Now, given two bundles $\pi_1\colon E_1\rightarrow B_1$ and $\pi_2\colon E_2\rightarrow B_2$, consider the bundle $\pi_1\times\pi_2\colon E_1\times E_2\rightarrow B_1\times B_2$ with the canonical projections given by the canonical projections on the base spaces and the fiber-wise canonical projections of vector spaces, and allow me to notationally suppress the projections from now on. If $p\colon T\rightarrow A$ is any bundle, a bundle map $T\rightarrow E_1\times E_2$ is given by a smooth map $f\colon A\rightarrow B_1\times B_2$, which is equivalent to giving the components $f_1\colon A\rightarrow B_1$ and $f_2\colon A\rightarrow B_2$ via the canonical projections, and then a bundle map over the fixed base $A$ from $T$ to $f^{\ast}(E_1\times E_2)$. The punchline is that, canonically, $f^{\ast}(E_1\times E_2)=f_1^{\ast}E_1\times f_2^{\ast}E_2$ as bundles over $A$. Thus, by the first paragraph, giving this bundle map is equivalent to giving the bundle maps $T\rightarrow f_1^{\ast}E_1$ and $T\rightarrow f_2^{\ast}E_2$ via the canonical projections. In total, this is thus equivalent to giving the two bundle maps $T\rightarrow E_1$ and $T\rightarrow E_2$. If you carefully chase through these identifications, you will see that this identification is indeed given by the canonical projections of the bundles, thus proving the universal property of the product.

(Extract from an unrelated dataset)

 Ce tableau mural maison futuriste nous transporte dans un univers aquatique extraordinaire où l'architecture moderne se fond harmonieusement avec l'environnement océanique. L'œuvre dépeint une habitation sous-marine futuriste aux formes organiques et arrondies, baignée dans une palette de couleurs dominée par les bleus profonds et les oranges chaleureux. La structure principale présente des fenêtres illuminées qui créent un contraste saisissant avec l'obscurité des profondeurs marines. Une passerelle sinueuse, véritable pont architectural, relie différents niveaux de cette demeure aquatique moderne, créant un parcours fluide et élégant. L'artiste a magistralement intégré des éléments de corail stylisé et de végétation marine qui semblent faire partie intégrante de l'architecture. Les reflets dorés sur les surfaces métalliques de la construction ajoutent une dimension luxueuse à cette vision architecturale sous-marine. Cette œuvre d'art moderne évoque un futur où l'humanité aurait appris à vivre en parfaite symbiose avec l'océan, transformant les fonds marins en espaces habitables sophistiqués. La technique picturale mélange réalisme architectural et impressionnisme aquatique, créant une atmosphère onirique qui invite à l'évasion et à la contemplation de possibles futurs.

The above remains accurate if you replace "smooth manifold" by "topological space" and "smooth vector bundle" by "topological vector bundle" everywhere. It just happens to be the case that all these constructions respect smoothness.

Lastly, two tangential remarks.

1. The forgetful functor from the category of smooth vector bundles to the category of smooth manifolds mapping a bundle to its base (alternatively, from the category of topological vector bundles to the category of topological spaces) has a left-adjoint, given by sending a smooth manifold (resp. a topological space) $X$ to the trivial rank $0$ vector bundle $X\times\mathbb{R}^0\rightarrow X$. Thus, the forgetful functor preserves products, so even a priori, the base of the product of two bundles has to be the product of the bases.

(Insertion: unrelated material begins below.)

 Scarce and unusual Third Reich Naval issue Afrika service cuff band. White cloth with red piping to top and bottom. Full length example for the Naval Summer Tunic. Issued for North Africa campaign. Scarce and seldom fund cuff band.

2. In the category of (smooth) vector bundles not over a fixed base, the distinction between direct sum and direct product is more relevant. There is a coproduct in this category, but it is simply the disjoint union in both base and total space. Thus, the direct sum of two bundles does not have an evident categorical interpretation anymore.

Answer 2

Maybe a small remark, but your confusion is most certainly understandable: There are two different operations that are a priori different:

1. The Whitney sum of two vector bundles $E,F$ over a base $B$ is the vector bundle $E\oplus F$ with fibres $E_b\oplus F_b$ over each point $b \in B$. This is not a categorical fibre product of topological spaces, but comes from seeing $E,F$ as elements of $\mathbf{Coh}(B)$, the abelian category (where you have bi-products) of coherent sheaves on the manifold $B$. In fancy terms, this is an algebraic operation of modules over the ring of regular (or $C^\infty$-functions if you prefer that) $\mathcal{O}_B$ of $B$ (see "algebraic geometry").
2. the second thing is the fibre product of topological spaces, where given $f:B' \rightarrow B$ and $E \rightarrow B$ smooth morphisms of manifolds you get a pullback bundle $f^*E \rightarrow B'$ with fibres $f^*E_{b'}=E_{f(b')}$ for $b' \in B'$.

Now you get the Whitney sum $E\oplus F$ over $B$ in $(1)$ from the pullback $(2)$ by taking the diagonal map $\Delta:B \rightarrow B\times B $ and the bundle $E\times F \rightarrow B\times B$ over the product (product in the Top category). Then set $E\oplus F = \Delta^*(E\times F)$ which is a thing only over $B$.